We used the SEER-Medicare linked database to select patients diagnosed with localized colon cancer the years 1996–2009. We considered a patient as adequately staged after having received a colonoscopy, an abdominal CT scan, and a pelvic CT scan. Abdominal and pelvic CT scans performed between complete staging and first cancer-directed treatment, if not ordered due to an acute condition, were considered duplicates. We characterized the institutions providing the tests and evaluated the association with survival using a weighted pooled logistic regression adjusted by baseline and time-varying confounders.

Results

Of 36,291 patients with a complete staging, 2,680 (7.4%) had at least one duplicated test. Patients receiving a duplicate had a higher comorbidity score, were more symptomatic, and had more visits to the emergency department and clinical evaluations. They also were treated with surgery less frequently and had worse survival (HR 1.22, 95% CI 1.16-1.28). The type of institution involved in the staging (non-profit/government centers, proprietary centers, free-standing facilities) was not associated with receiving duplicated tests.

Conclusion

We found a low frequency of duplicated abdominal or pelvic CT scans in the staging of colon cancer in Medicare population.

Introduction

Every year more than 100,000 cases of colon cancer are diagnosed in the United States¹. Appropriate staging of these tumors is necessary for informed therapeutic decisions. Clinical staging is intended to detect metastatic disease that rules out the ability to perform curative intent surgical resection of tumor. Clinical guidelines for the diagnosis and staging of colon cancer recommend the use of colonoscopy, abdominal and pelvic CT scans^2–7, and pathologic examination of the surgical specimen for localized tumors.

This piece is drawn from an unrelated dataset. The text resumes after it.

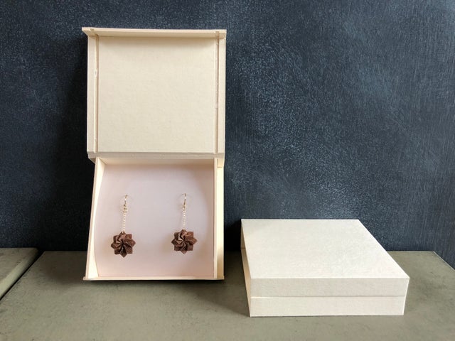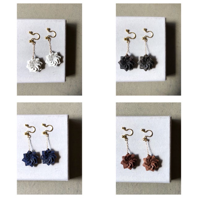 ※イヤリングは4色からお選びいただけます(お任せも賜ります)/柿渋や顔料で染めた黒谷和紙(京都府指定無形文化財)修行したハタノワタルの和紙です

Health care costs in the United States are projected to account for 20% of the gross domestic product in 2020⁸. A key measure to cut down costs is the avoidance of services that do not benefit patients^{9, 10}. The “Choosing Wisely” campaign explicitly points at the elimination of duplicated tests as a benefit of promoting conversations between physicians and patients ¹¹. Thus, avoidance of unnecessary tests for the diagnosis and staging of colon cancer might be a potential target for cost-containment measures.

Medicare patients receive coverage for all tests required for diagnosis and staging of colon cancer. While imposing no restrictions on the number of test covered, Medicare encourages patients to avoid unnecessary duplication of tests¹². The proportion of duplicated tests is, however, unknown. If diagnostic workup includes duplicative workup, there is a potential strategy for improving care quality while also controlling health care costs. Here we quantify and characterize the frequency of duplicated tests performed in the fee for service Medicare population during the clinical staging of early stage colon cancer.

Methods

Study population

The study cohort was identified from the SEER-Medicare data, which is a linkage of patient demographic and tumor-specific variables collected by 17 SEER cancer registries across 12 states with Medicare claim files from the Centers for Medicare and Medicaid Services¹³. SEER data are summarized in the Patient Entitlement and Diagnosis Summary File (PEDSF), which is linked with 100% of Medicare claims. For the current study we used Medicare claims from the Inpatient, Outpatient, Home Health Agency, Durable Medical Equipment (DME), Medpar and National Claims History (NCH) files. Provider characteristics are extracted from the Hospital file, which contains information on hospital characteristics for years 1996, 1998 and 2000 to 2009.

Our analysis includes patients 66 years (to allow for at least one year of claims before diagnosis) or older, with histological diagnosis of invasive colon adenocarcinoma between 1996 (when hospital information first became available) and 2009 in a SEER area. We excluded rectal cancer and rectosigmoid tumors (which may require additional staging like MRI or endoscopic ultrasound) and cancers for which the reporting source was nursing home/hospice, autopsy or death certificate. To ensure complete ascertainment of health services, patients had to be enrolled in parts A and B and not in an HMO during the six months before and after diagnosis. We excluded patients diagnosed in Louisiana in 2005 because of the disruption of data collection following hurricane Katrina.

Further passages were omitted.